A série O Senhor dos Anéis. Jed Brophy A série O Senhor dos Anéis. Jed Brophy

O próprio Tolkien via os "adoradores de máquinas" com suspeita , até mesmo aversão. Suas experiências como soldado que sobreviveu à horrível Batalha do Somme na Primeira Guerra Mundial deixaram nele um horror duradouro à guerra mecanizada; Ao retornar para casa, ele também ficou consternado com as fábricas e estradas que estavam transformando a paisagem da Inglaterra. Portanto, Mordor é retratada como um deserto industrial infernal, devastado pela guerra e pela destruição ambiental, em contraste com o Condado verde e edênico que os hobbits chamam de lar.

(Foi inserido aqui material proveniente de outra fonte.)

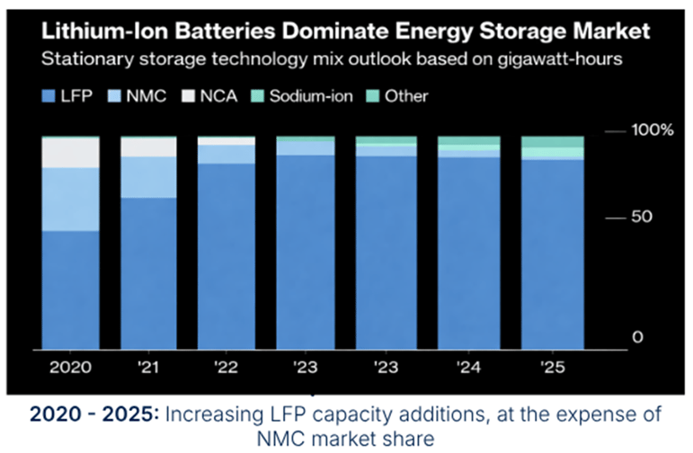 Lithium-ion systems (e.g., LFP, NMC and NCA) remain the dominant technology, accounting for more than 90% of installations (see graph below). However, as reported last year, alternative chemistries like sodium-ion and flow batteries are garnering increased industry attention, especially for longer duration applications.

Em relação às bombas atômicas lançadas sobre Hiroshima e Nagasaki em 1945, Tolkien escreveu que a física nuclear – ou, nesse caso, qualquer inovação tecnológica – não precisa ser usada para a guerra . Não há necessidade alguma de usá-los. Se há alguma referência contemporânea na minha história, é ao que me parece ser a suposição mais difundida da nossa época: que se algo pode ser feito, deve ser feito. Isso me parece completamente falso.

Dadas essas visões, Tolkien teria ficado intrigado com a propensão do Vale do Silício em nomear empresas de tecnologia com nomes de objetos de O Senhor dos Anéis , especialmente empresas com laços com o Pentágono e a segurança nacional. E, no entanto, duas empresas apoiadas por Thiel com nomes inspirados em Tolkien estão se tornando pedras angulares do complexo militar-industrial de hoje: a empresa de análise de dados Palantir recebeu seu nome das mágicas "pedras da visão" em O Senhor dos Anéis , enquanto a startup de IA militar Anduril faz referência à espada reforjada de Aragorn.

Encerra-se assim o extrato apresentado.